I grew up learning that you never quit anything (unless you have a really, really, really good excuse). But quitting two jobs in my post-college life has turned out to be the best thing I’ve done with my professional life since graduating.
7 Signs You Should Throw in the Towel:
- The thought has crossed your mind more than a few times
- You’ve googled reasons why you should leave more than once and you’ve been eyeing the job boards for weeks
- Your workplace is not a place of empowerment and you feel unimportant or belittled
- You dread going to work more often than you look forward to it
- Your work-life balance is out of whack
- There’s a lack of personal or team growth
- The cons side of your pros and cons list is pretty heavy
I quit my first job as a reporter after working for a newspaper for a year and a half. It was a fantastic experience that brought something new every day, helped me build an expansive local network and laid the groundwork for my later career. But working odd hours, writing stories on the weekends and never knowing when I was going to get off work wasn’t cutting it for me. And 99 percent of journalists will tell you the compensation just isn’t worth it. No, it’s not always all about money, but as former reporter Allyson Bird so eloquently put it, “’I finally came to accept that the vanity of a byline was keeping me in a job that left me physically and emotionally exhausted, yet supremely unsatisfied.’” Supreme dissatisfaction just ain’t worth a $30,000 (give or take [likely take]) salary, no matter how you slice it.
They say, “Do what you love and everything else will fall in to place.” That’s not entirely true. I loved meeting new people and getting paid to do things professionals in any other career couldn’t, like sneak backstage for a Cirque du Soleil performance, hang out with astronauts and explore the lives of everyday people.
But the job that I loved so much was killing my joy, because my joy is more than a career. My joy is my family, my husband, friends, volunteering and time for me.

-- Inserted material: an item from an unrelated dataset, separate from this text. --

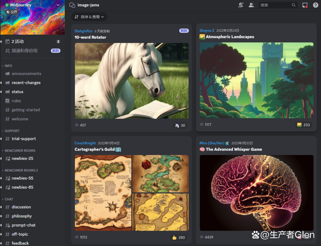 Midjouney 搭载在 discord 平台,你只需要向聊天窗口输入文字就可以生成图像。Midjouney 生成的图片效果非常惊艳,普通人几乎已经很难分辨出它产生的作品,竟然是 AI 绘画生成的。

So I quit. But not without hesitation and not without regret. When I’d get anxious about my upcoming end date, I’d try and make myself feel better with this jewel from C.S. Lewis: “There are far better things ahead than any we leave behind.”
You’re Not Crazy (your mother had you tested?)
Good ole C.S. wasn’t lying, but he also wasn’t telling the whole truth. It took a while for my “far better things” to come about. I moved on to a second job (which I highly suggest you have in line before quitting) and it was peachy keen for about two weeks until I realized that my boss had no trust in my ability to do my job.
I had a serious conversation with my boss, which made me feel better for the time being, but changed nothing. I sought advice from a handful of trusted professionals, including my former editor, to whom I was super afraid to admit that I sort of wanted my job back. I began searching for jobs several times a day, but I felt like a lunatic having been at the new gig for such a short time. I questioned myself and my decision to quit the first job. I questioned my perception of a healthy work environment. I questioned my education, my future, my past, my talents, my abilities.
And finally, a job posting. A beautiful, beautiful posting for a similar, writing-based position at another organization. A revamped resume, cover letter, and an interview. The waiting, oh the dreaded waiting. Then the phone call, during which I happened to be in the bathroom—oh the horror! I didn’t answer until business was finished, don’t worry. I had a hard time washing my hands I was shaking so badly! (TMI? Whatevs.)
And then the offer that changed my world. Finally, a way to experience all of my joys.
I was nervous to leave the known, albeit miserable, for something unknown. After all, I’d already left one job I really liked, but just wasn’t working for my lifestyle. What if I went to this job and hated it, too? What if I had completely made working life out to be something it wasn’t? Well, a couple months in and I’m doing alright. Pretty great, in fact.
Moral of the story: If you aren’t happy, pinpoint your source(s) of unhappiness and work to make changes that can improve your circumstance. If you’ve done that, given it some time and you’re still miserable, GET OUT. If it’s stealing your joy, it isn’t worth it.
I realize this can become a waiting game. After all, it’s a job with the money that you need to buy toilet paper and keep the lights on. If you feel you need to quit immediately, consider your finances. If you can white-knuckle-grip it until you find something else, that’s likely your better option.
It may take some time, tears and trial and error, but it will come. Don’t you worry, sweet pea.